In a new study, Yale researcher Alison Sweeney found that giant clams in the western Pacific Ocean may represent the world's most efficient solar energy system.
Designers of solar panels and biorefineries can learn a lot from iridescent giant clams that live near tropical coral reefs, according to a new Yale-led study.
That’s because giant clams have a very precise geometry: dynamic, vertical columns of photosynthetic receptors covered by a thin, light-scattering layer. That could make them the most efficient solar energy systems on Earth.
“It’s counterintuitive to a lot of people, because mussels live in intense sunlight, but they’re actually very dark inside,” said Alison Sweeney, an associate professor of physics and ecology and evolutionary biology in the Yale Faculty of Arts and Sciences. “The truth is that mussels are more efficient at harnessing solar energy than any existing solar panel technology.”
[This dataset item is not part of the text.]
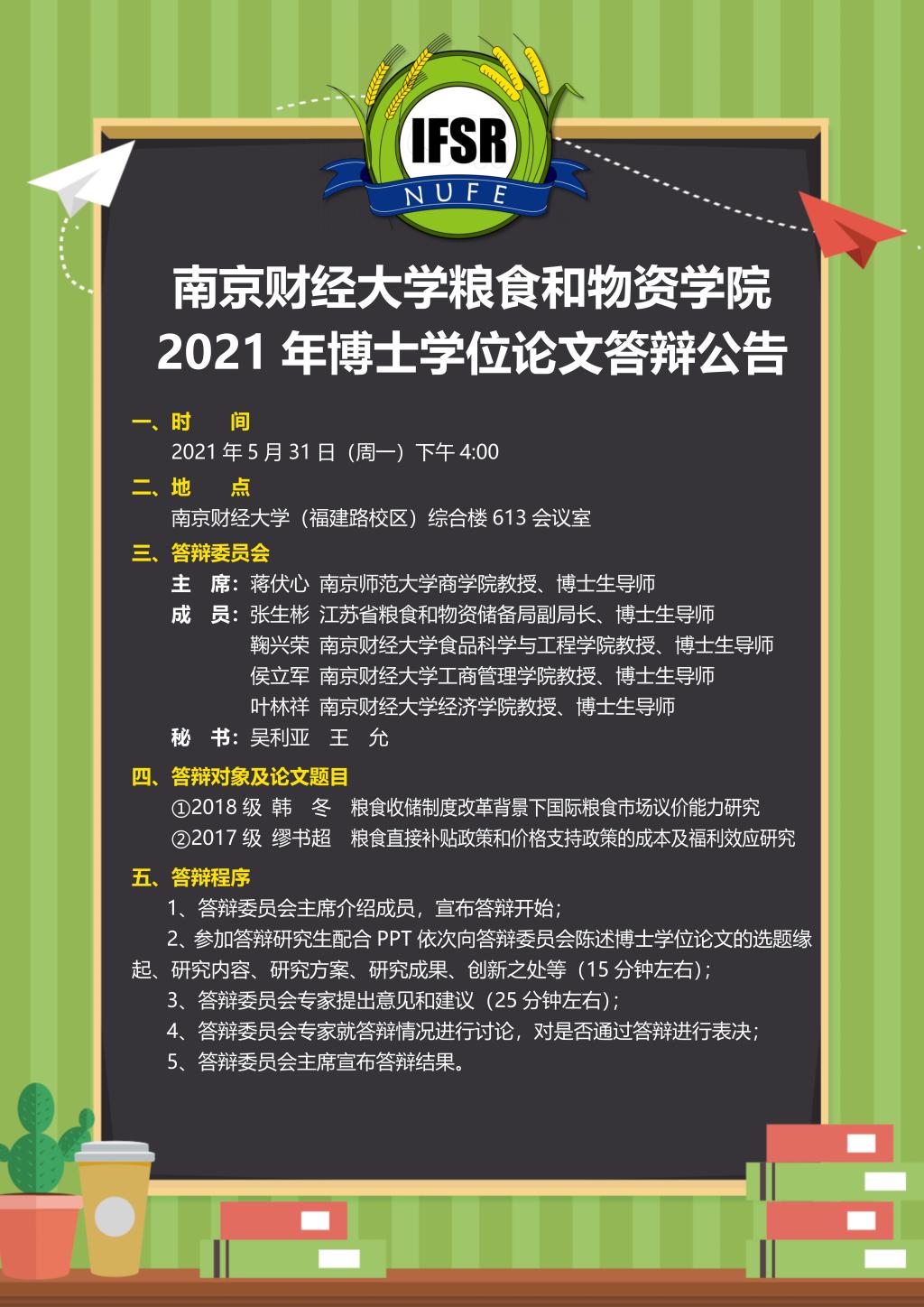 yl23411永利集团官网2021年博士研究生学位论文答辩公告

In the new study, published in the journal PRX: Energy, a research team led by Sweeney presents an analytical model for determining the maximum efficiency of photosynthetic systems based on the geometry, motion and light scattering characteristics of giant clams. It’s the latest in a series of studies from Sweeney’s lab that highlight biological mechanisms in the natural world that could inspire new sustainable materials and designs.
In this case, the researchers looked specifically at the impressive solar energy potential of iridescent giant clams in the shallow waters of Palau in the western Pacific Ocean.
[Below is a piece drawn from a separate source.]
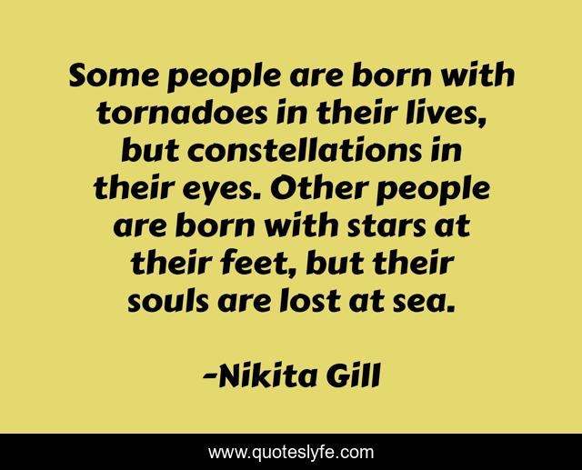 This page presents the quote "Some people are born with tornadoes in their lives, but constellations in their eyes. Other people are born with stars at their feet, but their souls are lost at sea.". Author of this quote is Nikita Gill. This quote is about life, love, dream-big, constellations, stars, nikitagill, affection, perspectives,.

The mussels are photosymbiotic, with vertical cylinders of single-celled algae growing on their surface. The algae absorb sunlight — after the light is scattered by a layer of cells called iridocytes.
Both the geometry of the algae and the light scattering of the iridocytes are important, the researchers say. The arrangement of the algae in vertical columns — so that they are parallel to the incoming light — allows the algae to absorb sunlight as efficiently as possible. This is because the sunlight is filtered and scattered by the layer of iridocytes, and the light then wraps evenly around each vertical algal cylinder.
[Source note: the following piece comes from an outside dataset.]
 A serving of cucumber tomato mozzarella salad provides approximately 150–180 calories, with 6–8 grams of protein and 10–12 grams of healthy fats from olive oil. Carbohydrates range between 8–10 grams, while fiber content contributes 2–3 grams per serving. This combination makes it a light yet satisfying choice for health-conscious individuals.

Based on the geometry of the giant clams, Sweeney and her colleagues developed a model to calculate quantum efficiency — the ability to convert photons into electrons. The researchers also accounted for variations in sunlight, based on a typical tropical day with sunrise, midday sunlight and sunset. The quantum efficiency was 42 percent.
But then the researchers added a new twist: the way giant clams stretch themselves in response to changes in sunlight. “Mussels like to move and groove throughout the day,” Sweeney said. “This stretching moves the vertical columns farther apart, essentially making them shorter and wider.”
With this new information, the quantum efficiency of the clam model jumped to 67 percent. For comparison, Sweeney said, the quantum efficiency of a green leaf system in a tropical environment is only about 14 percent.
One intriguing comparison, according to the study, would be northern spruce forests. The researchers said boreal spruce forests, surrounded by fluctuating layers of fog and clouds, share similar geometries and light scattering mechanisms with giant clams, but on a much larger scale. And their quantum efficiencies are nearly identical.
“One lesson here is how important it is to consider biodiversity as a whole,” Sweeney said. “My colleagues and I continue to brainstorm where else on Earth this level of solar efficiency might occur. It's also important to recognize that we can only study biodiversity where it's being sustained.”
She added: “We owe a lot to the Palauans, who place a vital cultural value on their mussels and reefs and ensure they remain in top condition.”
Such examples can provide inspiration and insights for more efficient, sustainable energy technology.
“You could think of a new generation of solar panels that grow algae, or cheap plastic solar panels made of stretchable material,” Sweeney said.
The study's first author is Amanda Holt, an associate research scientist in Sweeney's lab. The study's co-author is Lincoln Rehm, a Palauan-American and former doctoral student at Drexel University and researcher at the Palau International Coral Reef Center, now with the National Oceanography and Atmospheric Administration.
The research was funded by a grant from the Packard Foundation and the National Science Foundation.